#### [Problem details]
Your copy of the data should match it exactly, except that the pictures are gone.

Extracted data entries:

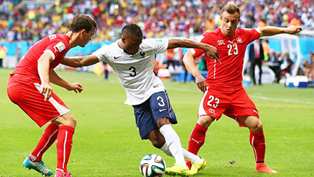 Patrick Evra (giữa) trước sự truy cản của các cầu thủ Thụy Sĩ. Ảnh: FIFA.
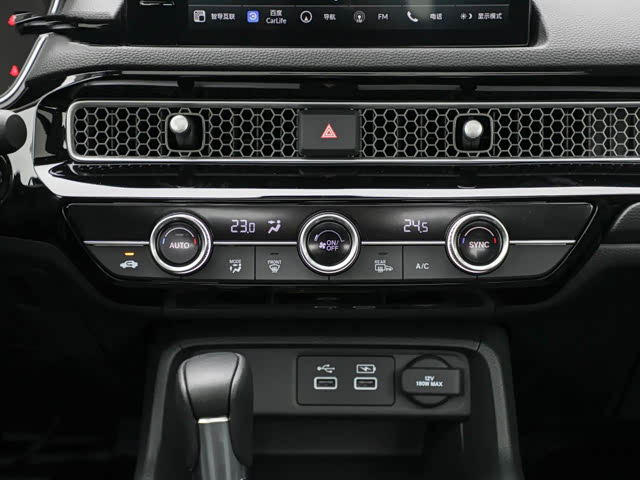 悬浮式9英寸中控屏成为全系标配,高位布局便于查看,如果屏幕再大些就更理想了。左侧设主页和返回键及音量旋钮,底部还有一排快捷键,提升便利性。车机搭载了Honda CONNECT 3.0智导互联系统,采用大图标显示,便于触控,屏幕的灵敏度还不错,支持OTA、车家互联、数字钥匙、语音识别控制、车载语音购物、电子支付等时髦功能,功能向自主品牌看齐。
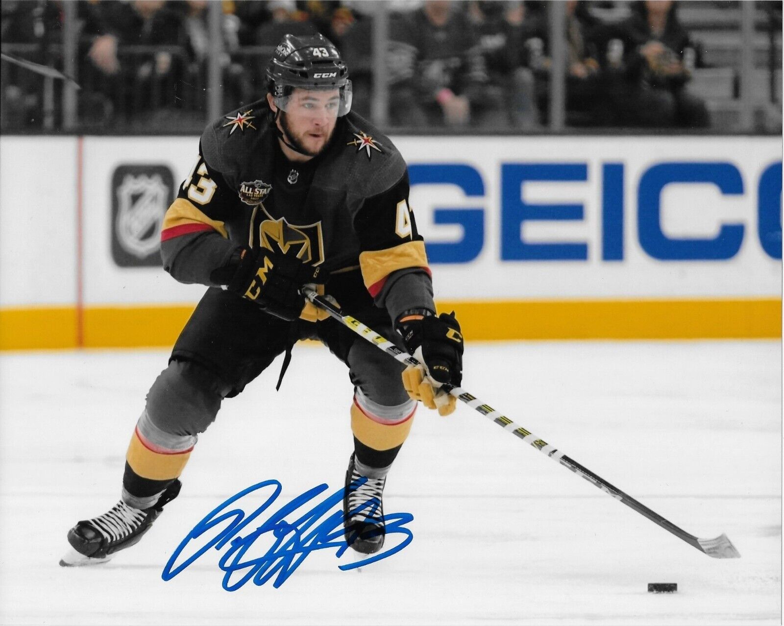 Great autographed photo of Vegas Golden Knights Paul Cotter. Obtained in person when the Golden Knights visited Montreal to play the Canadiens, it is beautifully signed in Blue Sharpie, nice, clear and smudge free.
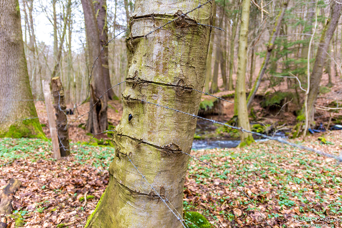 Stacheldrahtzaun, Stacheldraht in Baumstamm eingewachsen, Niemetal, Löwenhagen, Deutschland
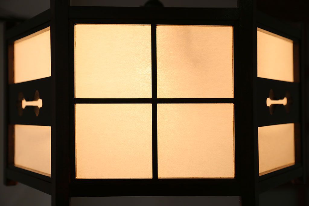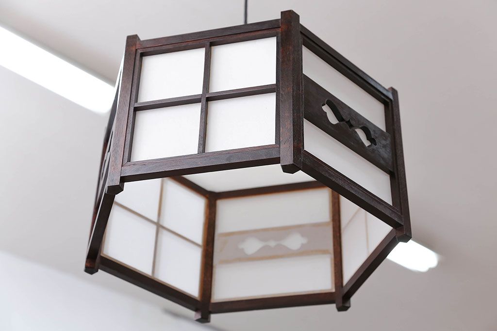 松本民芸家具のビンテージ品のB型六角アンドン天井照明です。
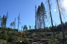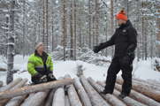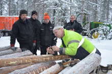 Beskrivning: logistik, virkesbil, lastbil, leverans, transport, timmertransport, transportering av virke, Brattby såg exkursion, samarbete mellan Sveaskog och Brattby Sågverks AB, trä, produkter och tjänster,

#### [Expected answer]
 Patrick Evra (giữa) trước sự truy cản của các cầu thủ Thụy Sĩ. Ảnh: FIFA.
 悬浮式9英寸中控屏成为全系标配,高位布局便于查看,如果屏幕再大些就更理想了。左侧设主页和返回键及音量旋钮,底部还有一排快捷键,提升便利性。车机搭载了Honda CONNECT 3.0智导互联系统,采用大图标显示,便于触控,屏幕的灵敏度还不错,支持OTA、车家互联、数字钥匙、语音识别控制、车载语音购物、电子支付等时髦功能,功能向自主品牌看齐。
 Great autographed photo of Vegas Golden Knights Paul Cotter. Obtained in person when the Golden Knights visited Montreal to play the Canadiens, it is beautifully signed in Blue Sharpie, nice, clear and smudge free.
 Stacheldrahtzaun, Stacheldraht in Baumstamm eingewachsen, Niemetal, Löwenhagen, Deutschland
 松本民芸家具のビンテージ品のB型六角アンドン天井照明です。
 Beskrivning: logistik, virkesbil, lastbil, leverans, transport, timmertransport, transportering av virke, Brattby såg exkursion, samarbete mellan Sveaskog och Brattby Sågverks AB, trä, produkter och tjänster,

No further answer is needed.